Task instructions :: Every line from the top of the records below through the one containing "Sow the City" must be copied exactly, and the pictures must not be.

(Items from a data source)

++++++++++

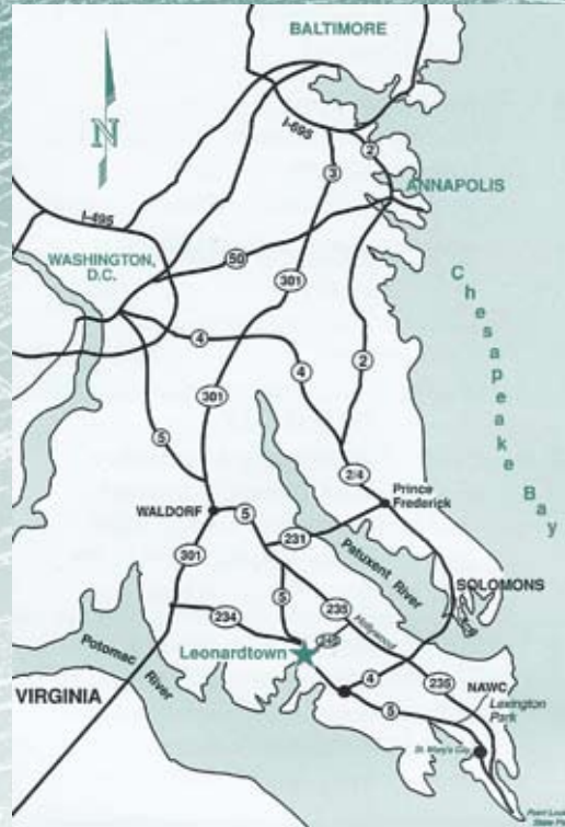
Chart a course for Leonardtown today!

From Baltimore - 90 Miles From Washington - 50 Miles From Waldorf - 30 Miles From Annapolis - 70 Miles
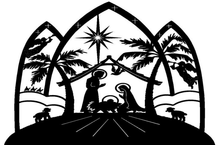
Christmas Masses at Nativity

Matthew's Festival Singers join 7 of our finest Cathedral lector/voices in joyful anticipation of the coming Messiah. After the music all are invited to the Great Hall for Christmas caroling, Christmas sweets, eggnog and wassail. The evening is free and open to the public. For those who are able, a suggested donation of $20 is requested. (please note this not the Sunday Mass.) METRO: Farragut North or Dupont Circle South. A gem of the Archdiocese & our Cathedral Home, the Cathedral is also considered a "National Treasure" of great music, art and architecture. St. Matthew is the seat of the Archbishop and where the funeral Mass of President John F. Kennedy was held; Pope Francis addressed the US Bishops at St. Matthews during his Apostolic Visit to the USA. His first in his life. For more on St. Matthews visit https://www.stmatthewscathedral.org/
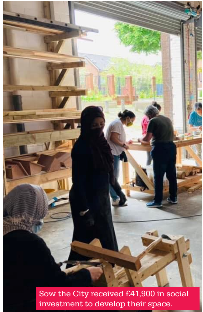
Sow the City received £41,900 in social investment to develop their space.

Our Connecting BAME* Entrepreneurs to Social investment project has supported the creation of a BAME Social Entrepreneurs Network called BASE Network . It also provided capacity building support and physical social enterprise hubs to help BAME social entrepreneurs access appropriate support.
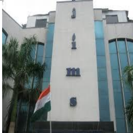
Jagannath International Management School OCF, Pocket-9, Sector-B, Vasant Kunj, New Delhi
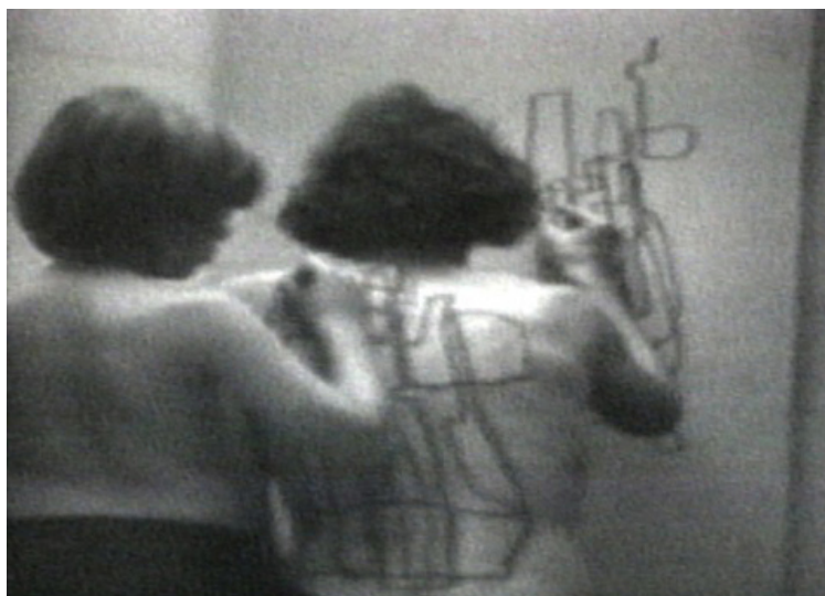
Dennis Oppenheim - Two Stage Transfer Drawing (Advancing to a Future State)
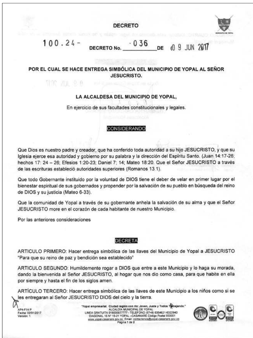
Image1. Decree No. 036 to consecrate the municipality of Yopal to Jesus Christ
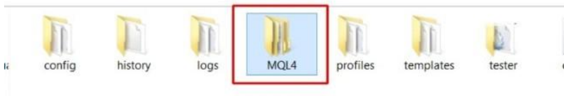
Pic.2 MQL4 Folder

Here you will find a folder called MQL4 :
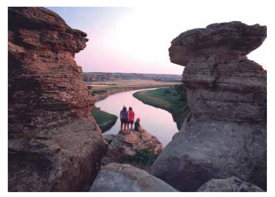
Writing-on-Stone Provincial Park

Vermilion ♠ ♥ Summer: 780-853-4372, Winter: 1-877-537-2757 Northern edge of town of Vermilion off Hwy. 41.
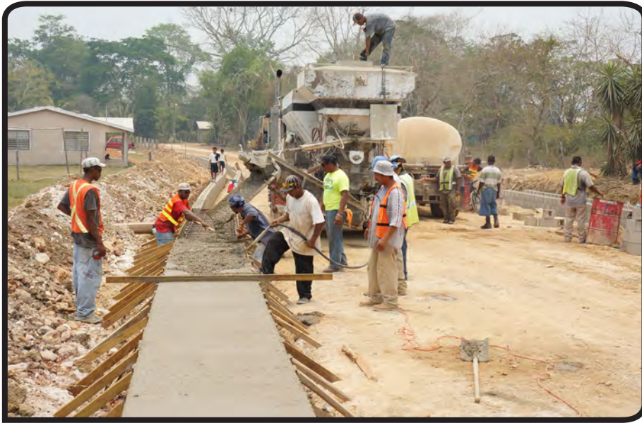
Much-needed Employment created by the Project

The western limit of the San Ignacio-Santa Elena Bypass project is at the junction of Benque Viejo Road with the
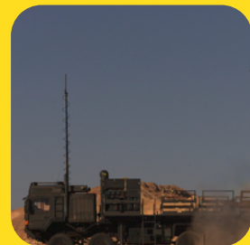
Israel defence exports
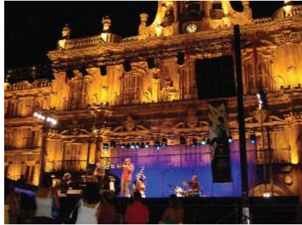
The Jazz Festival in Salamanca's famous plaza.
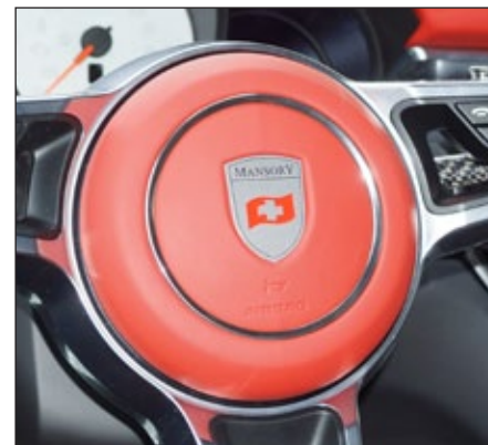
Airbag cover ..... 95B 351 500 Combination leather or alcantara, kinds of colours selectable.
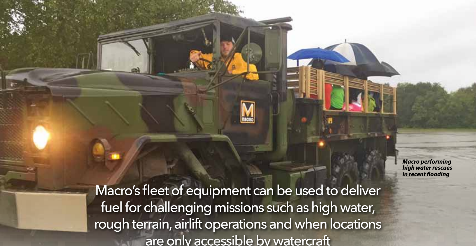
Macro performing high water rescues in recent flooding

Macro's fleet of equipment can be used to deliver fuel for challenging missions such as high water, rough terrain, airlift operations and when locations are only accessible by watercraft
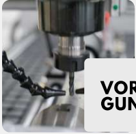
VORTEX AIR GUN
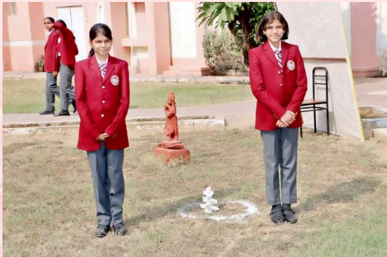
Local Game of 'Pitthu' with usage of stones & ball
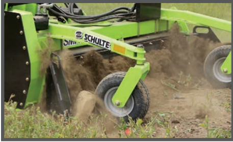
- Great for land use preparation -
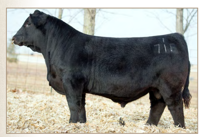
REFERENCE SIRE RUBYS TURNPIKE 771E

HOMOZYGOUS BLACK | 3/8 SM 5/8 AN. This Ace son has been a standout since he was born and one that everyone should consider. Extremely long sided and deep quartered bull with a great disposition. 79 pound birthweight then ratioed 115 WW 104 YW and REA 109. Top 10% of breed for WW, YW, and ADG. Top 25 API and 15 TI.
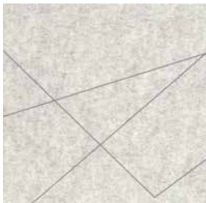
AXIS Putty on Natural
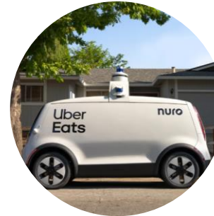
Nuro & Uber partner for automated food delivery
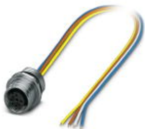
Flush-type connector, Universal, 4-position, Socket, straight, M12-Push-Pull, D-coded, Front mounting, M16 x 1.5, Individual wires, cable length: 0.5 m

Please be informed that the data shown in this PDF Document is generated from our Online Catalog. Please find the complete data in the user's documentation. Our General Terms of Use for Downloads are valid ( http://phoenixcontact.com/download )
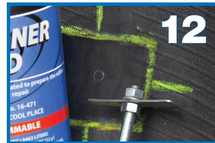
12 12. Apply a light coat of cleaner fluid to the buffed area, scrape clean and allow to dry.
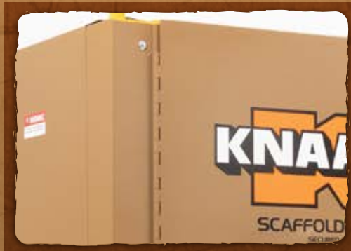
Heavy Duty Construction

++++++++++

Response ::
Chart a course for Leonardtown today!

From Baltimore - 90 Miles From Washington - 50 Miles From Waldorf - 30 Miles From Annapolis - 70 Miles
Christmas Masses at Nativity

Matthew's Festival Singers join 7 of our finest Cathedral lector/voices in joyful anticipation of the coming Messiah. After the music all are invited to the Great Hall for Christmas caroling, Christmas sweets, eggnog and wassail. The evening is free and open to the public. For those who are able, a suggested donation of $20 is requested. (please note this not the Sunday Mass.) METRO: Farragut North or Dupont Circle South. A gem of the Archdiocese & our Cathedral Home, the Cathedral is also considered a "National Treasure" of great music, art and architecture. St. Matthew is the seat of the Archbishop and where the funeral Mass of President John F. Kennedy was held; Pope Francis addressed the US Bishops at St. Matthews during his Apostolic Visit to the USA. His first in his life. For more on St. Matthews visit https://www.stmatthewscathedral.org/
Sow the City received £41,900 in social investment to develop their space.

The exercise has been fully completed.